There is a common failing in the tube type 3 kW to 10 kW transmitters.

The problem is that the center filament contact of the 3CX3000A7 tube socket is rather small and tends to get crusty and then the output goes away.

Pulling the tube out and replacing it will bring things back for a while but then one day soon it will fall off again. The tube itself may well be fine but a cold filament just will not cut it!

A Crusty Mess

This socket came from an Energy-Onix ECO-4 transmitter.

Since similar tube sockets I had previously stumbled on were already damaged I have to admit I have never actually watched a filament connection corrode.

My best guess is that as the socket pin is rather small and carries about 75 Amps of 60 Hz current – and nearly half an Amp of 100 MHz RF in the grounded-grid amplifier – just the smallest bit of dust or an off-centered location of the tube in the socket would cause arcing.

Over time, the arc marks would just get worse and worse until you get what the picture shows.
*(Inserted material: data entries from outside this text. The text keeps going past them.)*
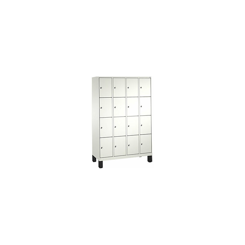Armadio a scomparti EVOLO, con piedini, 4 vani, 4 scomparti per vano, larghezza vani 300 mm, bianco traffico / bianco traffico. Fornitura = montato. Altezza = 1850 mm. Profondità = 500 mm. Larghezza = 1200 mm. Colore corpo = bianco traffico RAL 9016. Colore porta = bianco traffico RAL 9016. Serratura = serratura a cilindro differenziata. Numero scomparti in larghezza = 4 pz. Numero scomparti = 16 pz. Larghezza scomparti = 300 mm. Materiale = lamiera d'acciaio. Altezza armadietto = 1850 mm. Dotazione interna = senza dotazione interna. Profondità interna = 465 mm. Tipo di porta = anta a battente. Altezza piedini = 150 mm. Struttura = con saldatura. Superficie = con verniciatura a forno. Armadio a scomparti su piedini in plastica anticorrosione alti 150 mm, con regolazione altezza integrata. Ante lisce a parete singola sovrapposte, supporto su cardini con battuta a destra. 1 serratura a cilindro e 2 chiavi per anta. Viene consegnato montato.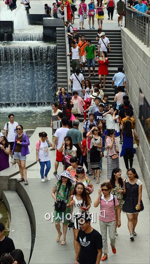 [아시아경제 최우창 기자]장마가 소강상태를 보인 24일 서울 청계광장에서 시민들이 평일임에도 불구하고 화창한 날씨를 만끽하고 있다.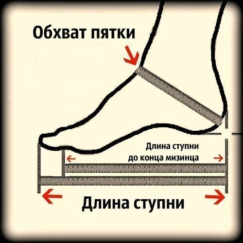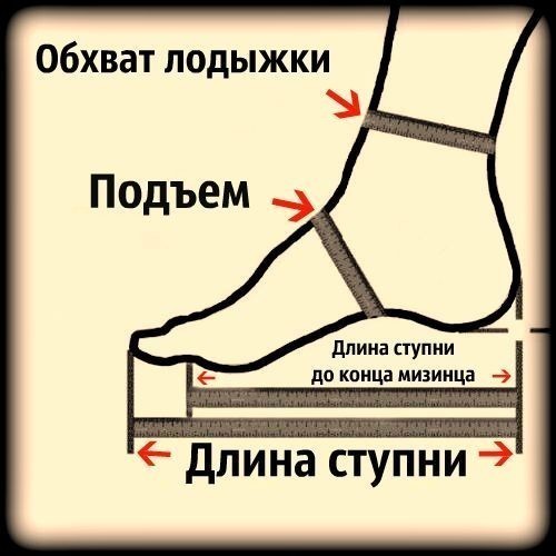 Этот способ для взрослых и детей побольше . «Обхват лодыжки» и «Подъем» (см. второй рисунок) Эти две мерки складываем и делим пополам , при необходимости прибавляем 1-2 см для свободы облегания. Например: «Обхват лодыжки» 14 см. «Подъем» 15,5 см. (14 см + 15,5 см) : 2 = 14,75 см 14,75 см + 2 см на свободу облегания = 16,75 см (почти 17 см) 2 мерка. Длина ступни от пятки до конца мизинца. Например: 10 см. 3 мерка. Длина ступни от пятки до конца большого пальца. Например: 12,5 см. Просто снимите три мерки с ножки и запишите на листочек. Я еще записываю: чья эта мерка, возраст, нитки, номер спиц. Свои замеры пишите так : --------------------------------------------- 1. Обхват (Способ 2) = 2. Длина ступни до конца мизинца = 3. Длина ступни = Делаем расчет петель : Связаный образец слегка отпарьте 4. Считаем количество петель в 1 см Прикладываем к образцу линейку , чтобы деление «0» было точно между петель .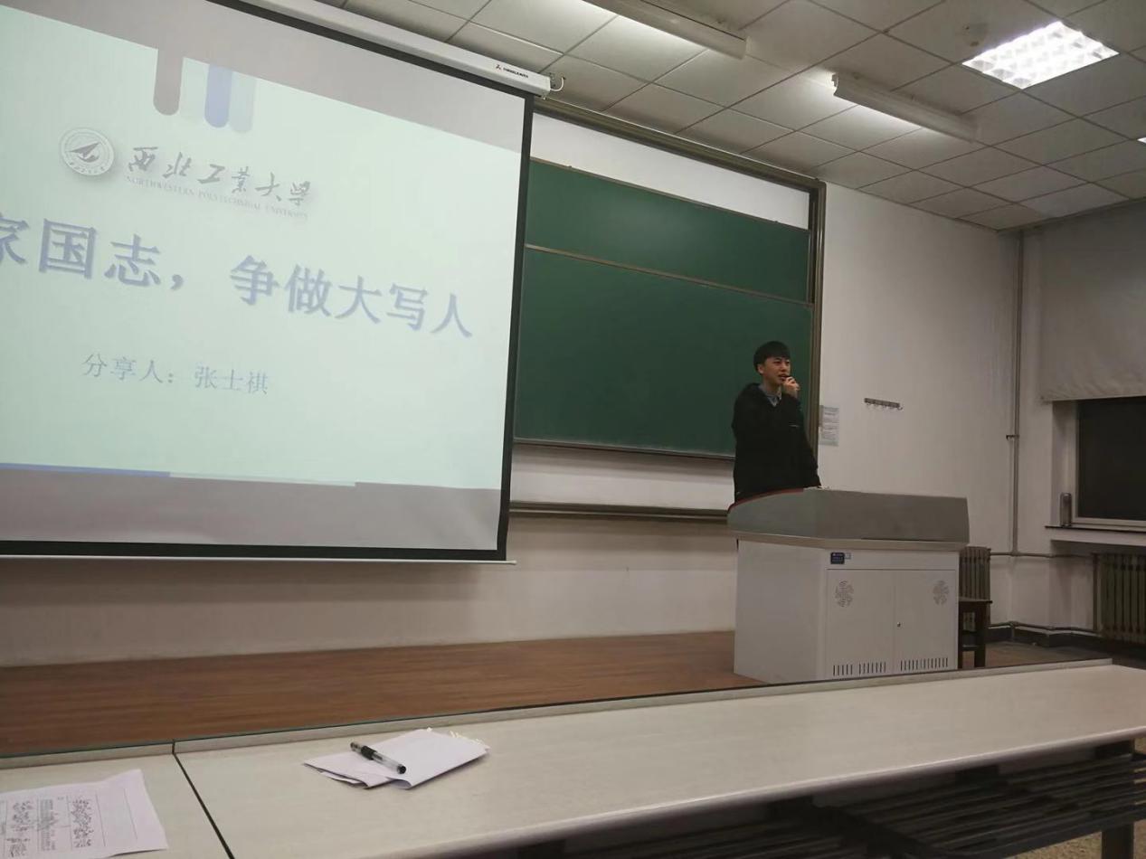 分享会最后,2016级本科生张士祺为大家分享了他在社会活动方面取得的成绩和思考。结合2016级入校典礼上汪劲松校长所讲到的“大学之大在于她是一个塑造“大写之人”的神圣殿堂,在这里,可以养成心怀天下的志向、革故鼎新的睿智和尊贤容众的胸怀”,张士祺同学鼓励大家在大学四年中努力争做全面发展的“大写之人”;结合自己国旗班工作经历以及前往国家机关实习的经历,张士祺同学建议大家在保证好学业的基础上不断开拓视野,发现自身优势,坚持不懈地追求适合自己的发展道路。

In fact, the whole connection gets worse as the metal heats up and then loses its springiness (tension). The result is that even after you clean and burnish the surface, the next tube cannot break through the crusty surface making it harder to achieve a good, clean connection.

Check the Tube Too

Cleaning up the surface of the socket and then reinstalling it brought everything back to normal.

By the way, you will notice the three high-temperature rubber O rings that we added around the outside of the socket to increase the tension on the connection.

(I have also used clip rings to tighten the grip of the socket on the tube center filament pin.)

Do carry a mirror with you, though, it is hard to get into a position where you can look down into the socket – using a mirror will certainly be helpful.

Furthermore, while you are working on the socket, it is a good idea to take the time to check the bottom of the tube and clean it up as well.

Similarly, when you change tubes, take a look at the base of the tube you pull out. If the tube base center pin shows arc marks or is not clean and smooth then the socket is almost sure to be corroded.

Bottom line: do not throw away a usable transmitter over a single bad connection!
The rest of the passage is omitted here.